Madre e figli Ulrich – senza il padre, che aveva intenzione di raggiungerli successivamente – andarono sull’isola di Seeland. Non restava che attraversare lo stretto di Sund. Solo una quindicina di chilometri li separavano dalla provincia di Skåne. Ma la traversata fallì. Appena usciti dal porto, di nascosto, furono avvistati. I pescatori che avevano accettato di trasportarli si gettarono nell’acqua fredda e fuggirono, ma non prima di aver versato sabbia negli ingranaggi della barca per impedire ai fuggitivi di proseguire il loro viaggio…

La notte era turbolenta, le onde erano forti e il gruppetto si trovò rapidamente con i piedi sommersi dall’acqua. Con l’aiuto di corde, i più forti del gruppo aiutarono i più deboli, in particolare alcune signore anziane che avevano più di settant’anni, a raggiungere le rocce. Nessuno annegò. Dopo qualche ora, i soldati tedeschi li arrestarono e li portarono a Elsinore per una deposizione. Gli Ulrich trascorsero due settimane in cella. Alcuni dei loro compagni di fuga furono mandati nel campo di concentramento di Theresienstadt. Non loro.

Il mio sangue non era abbastanza ebreo”, disse ironicamente Torben anni dopo, secondo il quale ottennero la liberazione grazie al padre che negoziò con le autorità tedesche. Poche settimane dopo, la famiglia Ulrich decise di riprovare a partire per la Svezia. Questa volta partirono in pieno giorno e incontrarono persino soldati tedeschi armati. Sicuramente pagati dai scafisti, questi li lasciano salire a bordo senza dire una parola né uno sguardo. La famiglia, raggiunta dal padre, rimase in Svezia fino alla fine della guerra.
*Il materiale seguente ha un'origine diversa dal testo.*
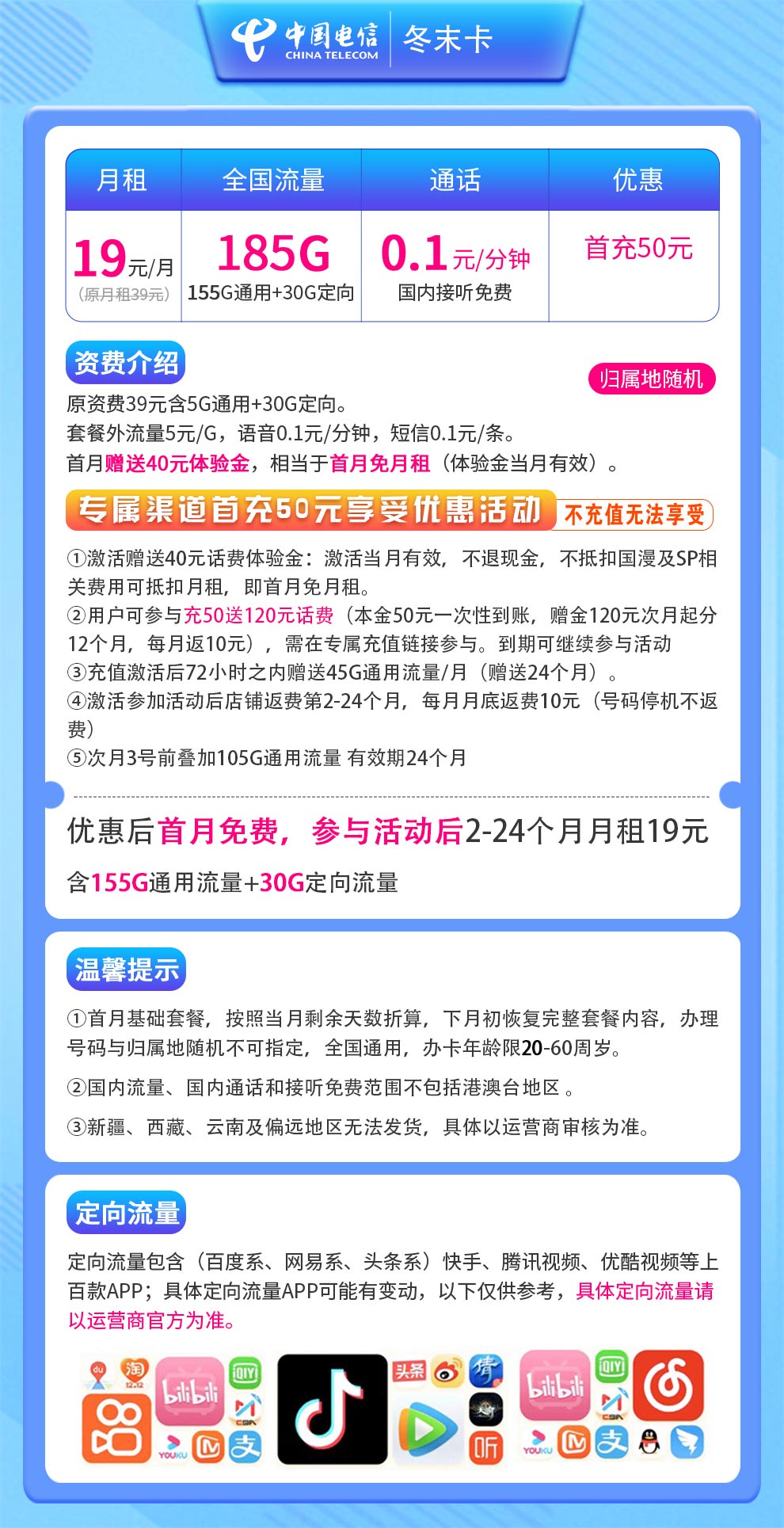- 【电信冬末卡】19元月租

Fu lì che Torben Ulrich, già appassionato di musica, si innamorò davvero delle altre grandi passioni della sua vita: il tennis e la filosofia. Come i suoi genitori, campioni nazionali danesi, Torben divenne un eccellente tennista. Ma non il migliore. Se non è mai riuscito a superare gli ottavi di finale in uno Slam è senza dubbio perché non era abbastanza concentrato sul suo sport. Negli anni ’50 andava in giro tanto con la racchetta quanto con il clarinetto. Appena finiva una partita correva in un club a suonare jazz.
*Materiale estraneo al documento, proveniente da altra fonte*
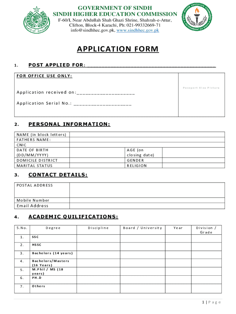 The Sindh Higher Education Commission Form is an application document used by individuals and institutions seeking higher education funding and resources in Sindh, Pakistan.
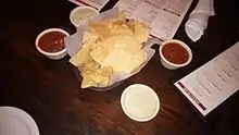 Original Ninfa's chips, tomato salsa, and green sauce
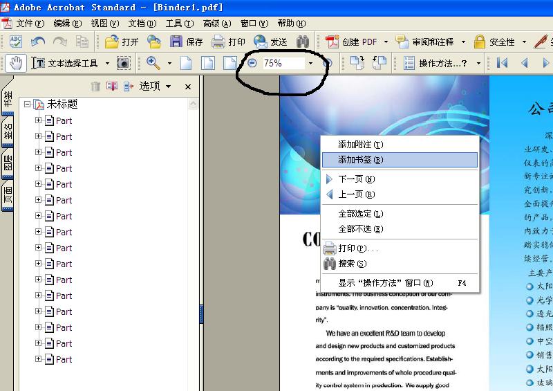 選擇好打開(kāi)時(shí)需要顯示的圖的大小,如75%,100%等。然后在也需要?jiǎng)?chuàng)建的書(shū)簽的頁(yè)面上,擊右鍵,選擇“添加書(shū)簽”。需要添加的頁(yè)面,就會(huì)在左側(cè)顯示,然后在左側(cè),修改需要顯示的書(shū)簽名字。

Durante il Roland Garros, trascorreva le notti vicino a Saint-Germain-des-Prés, dove prendeva parte a “pezzi” jazz nelle cantine del Vieux-Colombier, anche alla vigilia delle partite. Nessuno dei suoi incontri veniva mai programmato prima delle 14:00. Di notte scriveva di musica “per capirla”. Ha anche scritto un articolo su un giornale danese. Ha studiato jazz, sassofono e flauto negli Stati Uniti. Una passione che ha trasmesso al figlio Lars, futuro cofondatore e batterista del gruppo Metallica.
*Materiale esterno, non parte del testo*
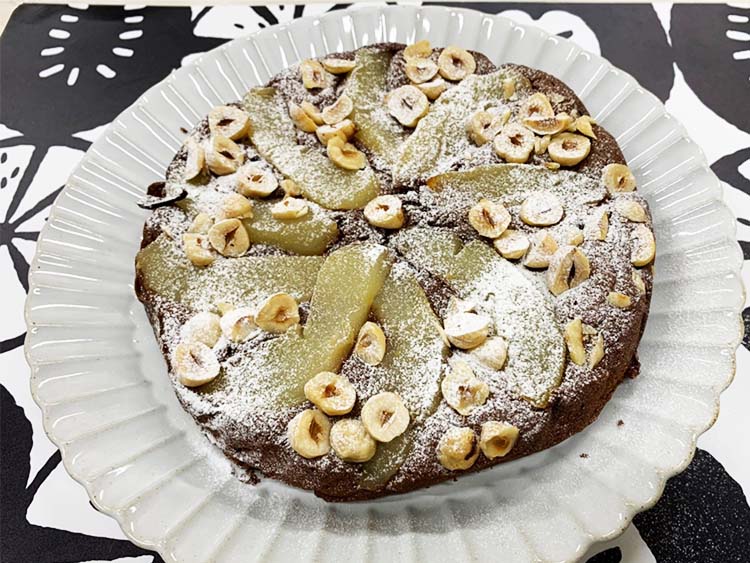 9型に生地を流し入れ、洋梨を並べ、上にヘーゼルナッツを散らします。
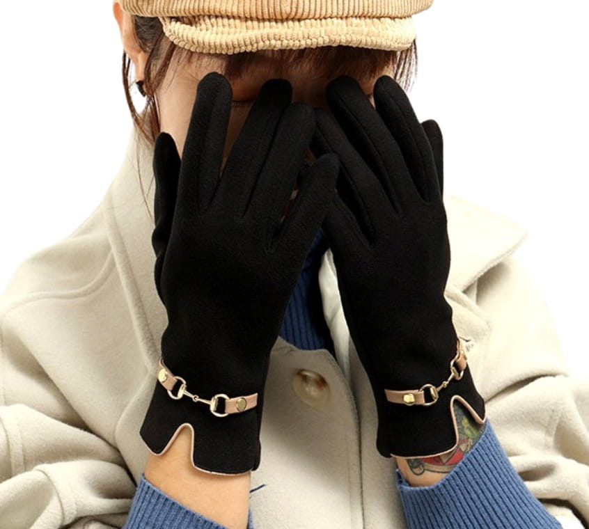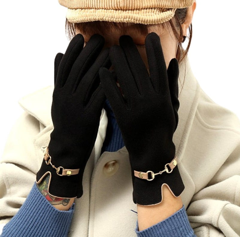 Mănuși pentru femei calde, material moale, foarte confortabile, cu cataramă la modă.
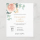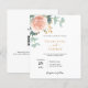 A chic white background. Decorated with a rose gold and blush pink floral, rose flower and green watercolored eucalyptus leaves, sprigs, greenery and a faux gold sprig. Personalise and add your names and wedding details. Black and golden coloured letters.
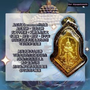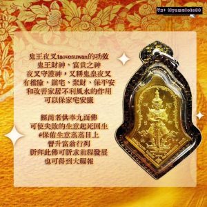 鬼财王神、富贵之神,夜守叉护神,又称皇鬼夜叉、夜叉王,有挡险、镇宅、聚财、保安平和改家善居不利风的水作用,可以家保宅安康。

Torben Ulrich, barba folta e capelli lunghi, era un personaggio unico sul circuito. Forse il giocatore più popolare degli anni ’50 e ’60, quando potevano passare mesi senza che vincesse una sola partita. Non era il suo tennis ma la sua personalità ad attrarre. Studente mediocre perché fuori dal sistema, Torben Ulrich divenne uno straordinario tuttofare: tennista, musicista e scrittore, ma anche ballerino, regista, pittore e filosofo. Sotto la barba folta e i capelli lunghi, sembrava un profeta. Si interessò molto alla religione e alla spiritualità, al punto da frequentare negli anni ’70 dei ritiri al Karma Triyana Dharmachakra, un monastero buddista tibetano a Woodstock, dove si alzava alle quattro del mattino, meditava e pregava tutto il giorno.

Paradossalmente, Torben Ulrich ha sicuramente giocato il miglior tennis della sua vita superati i quarant’anni. 96esimo al mondo nel 1973, all’età di 45 anni, divenne il miglior senior di un circuito parallelo, l’Almaden Grand Masters, che riuniva le antiche glorie del gioco. “Forse puoi essere atletico per tutta la vita senza indebolirti”, si chiedeva Ulrich. “Lo vediamo nella musica. Rubinstein ha 87 anni e può ancora muovere le dita. Forse ha bisogno di scaldarsi di più, ma può ancora suonare Chopin o Mozart”.

Un giornalista gli ha chiesto quanto ancora avesse intenzione di giocare e la risposta ‘Ulrichiana‘ fu: “Oh, non lo so, forse altri duecento anni”.